Engineering Her Future: Carolyn Wakeman
After getting a good grounding in liberal arts subjects at a college in Idaho, Carolyn Wakeman found herself missing something: mathematics.
“My fifth-grade self would never believe that I missed math,” says the straight A student and President’s List honoree. “Math is the language for the way everything works. It’s the gateway.”
Carolyn started her Blue Ridge journey in 2015, and is on track to earn an associate of science degree with an engineering specialization, finishing next spring. Her long-term career goal is to study rehabilitative engineering to make prosthetics. She is now considering programs at Virginia Tech or Old Dominion University.
“I love the complexity of the human body,” Carolyn, 21, says, demonstrating bending her elbow. “What is the force needed to make that movement? Thinking about replicating that movement to help someone is really intriguing to me.”
She became interested in rehabilitation while working at a summer camp in Pennsylvania for people with a wide range of disabilities. Some of the campers communicate through sign language, so Carolyn decided it would be practical to fulfill her foreign language requirement here with courses in American Sign Language. Practicality is very important to her.

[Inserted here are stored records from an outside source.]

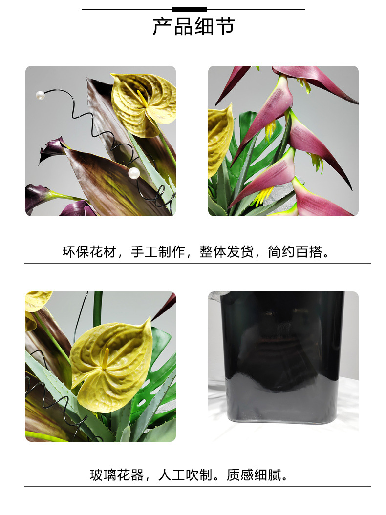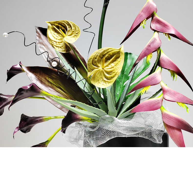 현대 인공 꽃 거실 홈 부드러운 꽃 유리 꽃꽂이 빛 럭셔리 간단한 장식 거실 장식품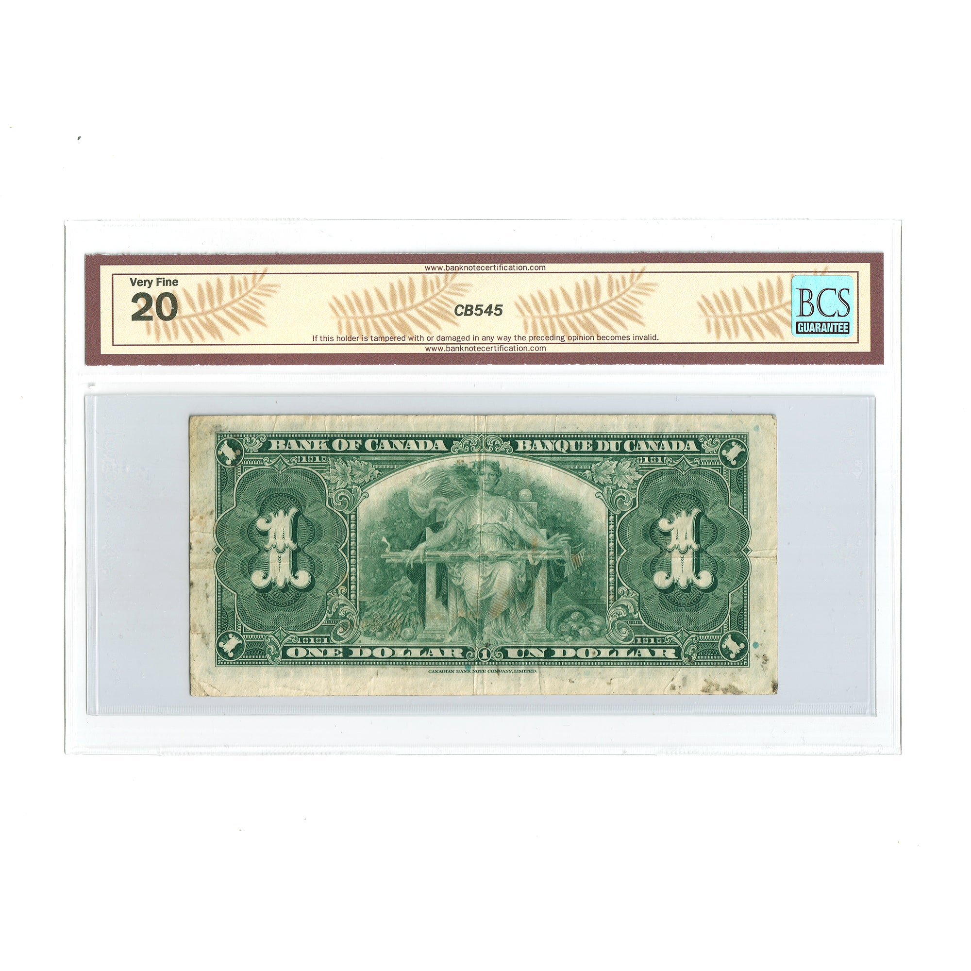BC-21b 1937 Canada $1 Gordon-Towers, Narrow Panel, H/A, BCS Certified VF20 (residue, stains)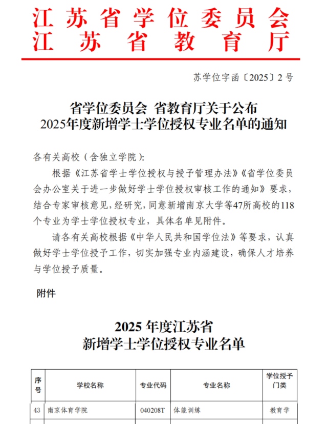 4月21日,江苏省教育厅发布《省学位委员会 省教育厅关于公布2025年度新增学士学位授权专业名单的通知》,我校体能训练专业(040208T)顺利通过学士学位授权审核,新增1个学士学位授权专业。体能训练专业是省内高校在该领域获批学士学位授权的首家专业,标志着江苏省体能训练本科人才培养迈入新阶段。
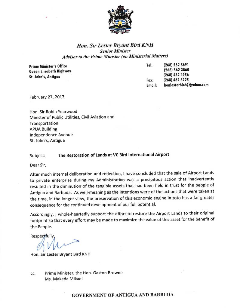 It is hoped that the private ownership of lands within the footprint of the airport will be resolved, even as was implored by letter of the National Hero, Sir Lester Bird, before his passing.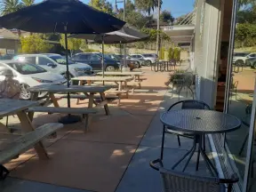 Upscale, colorful plaza in farmhouse style, with modern cafes. Kids climb on a huge log. The fire pit is fantastic at night, surrounded by eucalyptus trees.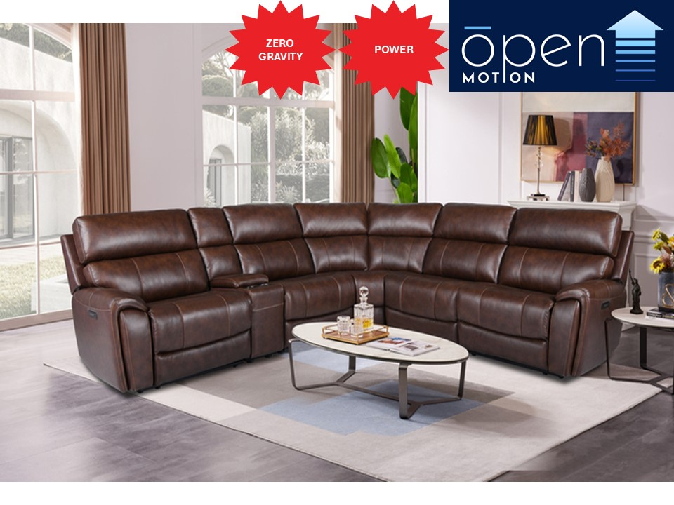 This power reclining sectional brings luxurious comfort and bold style to your living space. Wrapped in rich tobacco-colored faux leather, it features smooth power reclining, plush seating, and a convenient center console perfect for lounging, movie nights, and entertaining in elevated style.Read More

The Woodstock, VA native is a great example of the laws of physics as well. “An object in motion tends to stay in motion” could describe her on most days. She keeps her hands busy by knitting. She keeps her mind supple by reading fiction and doing Sudoku puzzles. When she found some downtime in her schedule, she took evening welding classes at BRCC and earned two certifications: in 3G Fluxcore Arc Welding and 3G Shielded Metal Arc welding.
Courses like vector calculus, differential equations, and university physics loom on her academic horizon. Carolyn has definitely become reacquainted with her old “frenemy,” math.
“My final semester will be nothing but math and science,” she says with a smile.